The headline: DSpark (DeepSeek’s speculative-decode build of V4 Flash) gives a real SPEED boost on 2× DGX Spark, TP=2. On code-gen we’re seeing ~60-67 tok/s up from the ~40-45 tok/s we got on plain V4 Flash decode. Spec-decode drafts several tokens per step and the target verifies them in one pass, so when draft acceptance is high (predictable content like code) you get a big lift. ~40 tok/s on mixed/diverse content where acceptance is lower.
On top of that: NVFP4 KV cache (nvfp4_ds_mla) → full 1M context on a ~2M-token KV pool.
Recipe (Dockerfiles + launch + benchmarks):
Single-stream (TP=2, thinking-off, warmed):
- Code: ~67 tok/s
- Mixed: ~40 tok/s
CONCURRENCY (new): with Keys/drowzeys’ concurrency patch, DSpark now serves multiple streams at once, it used to be single-stream only. At full 1M context + max_num_seqs=6: 6/6 concurrent, ~182 tok/s aggregate. (A 200K / seqs=16 profile pushes ~315 tok/s aggregate static.)
Quick KV-math note (people ask): ~2M pool, 1M context, 6 concurrent is NOT 6×1M reserved. max_model_len is a per-request CEILING, max_num_seqs a concurrency CAP; the pool is SHARED + allocated on demand. Real limit = sum(live tokens) ≤ ~2M. Agent turns never hit 1M, so 6 normal streams share it fine.
Starting DSpark worker on 192.168.1.201…
Image vllm-dspark-runtime:dspark-nvfp4-stage-c Pulling
Image vllm-dspark-runtime:dspark-nvfp4-stage-c Error pull access denied for vllm-dspark-runtime, repository does not exist or may require ‘docker login’: d
enied: requested access to the resource is denied
Error response from daemon: pull access denied for vllm-dspark-runtime, repository does not exist or may require ‘docker login’: denied: requested access to
the resource is denied
YouTube star it keeping us busy! Good stuff. I will try as well :) Thanks! Guys, go all to YouTube and give a sub to http://www.youtube.com/@Tech2wild1
Or should I comment out/remove the other runtime env variables from the 1M profile and only use the ones required for concurrency?
Would it be possible to add a .env.example for the concurrency profile to the repository? It would help make the required environment variables clearer and easier to set up for new users.
I’m also unable to apply the concurrency patch. Running:
git apply patches/keys-concurrency.patch
results in:
error: patch failed: recipe/overlay/vllm/models/deepseek_v4/nvidia/dspark.py:285
error: recipe/overlay/vllm/models/deepseek_v4/nvidia/dspark.py: patch does not apply
error: patch failed: recipe/overlay/vllm/v1/spec_decode/dspark_proposer.py:76
error: recipe/overlay/vllm/v1/spec_decode/dspark_proposer.py: patch does not apply
error: patch failed: recipe/overlay/vllm/v1/worker/gpu_model_runner.py:5247
error: recipe/overlay/vllm/v1/worker/gpu_model_runner.py: patch does not apply
Is this patch intended for a specific commit or branch? If so, which revision should I be using?

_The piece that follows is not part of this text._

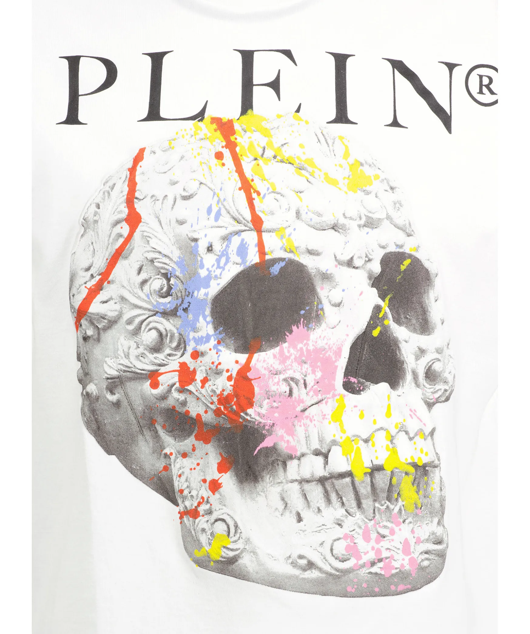 Vit T-Shirt Fran Philipp Plein Med Multifargat Tryck Pa Magen. Tillverkad I 100% Bomull. Rundad Halsringning Med Ribbstickad Mudd. Svart Patch Med Logotyp I Metall.

You can do the 1M model lens. You can run any concurrency you just need to think about how many concurrencys you are going to be using and whether they will total 2M on a given turn. I set mine to 6 at 1M. 200k at 16 means you would need to use 16 sessions at a full 200k to hit 3M tokens which would then cause the vllm to pause sessions til cache is free. Alot this wont even happen with agentic work. It is really just a give or take. I run 1M at 6 Seqs because I use 6 agents on this work flow they all have 1M context and stagger in their work.
i compared speed settings that dont give you max KV, so i run 160K context as middle ground with 530K KV Cache on Mimo, your 1M context config is slower than mine
Will not be as good as that for everybody but maybe usable as Baseline, i checked for me and quality killed DS4 Flash as well as Omni Features, guess so if you dont need that much you’re way better off with DS4 Flash
Check my thread - I shared my recipe. You need at least 6k of batch chunks per 1 mtp token. Bad acceptance not only ruins speed but can affect quality. I ended up with 8k prefill batch and 1 token mtp
I need sometimes to look at screenshots of charts or websites - I wired a separate model with vision, works fine in both Hermes and Opencode.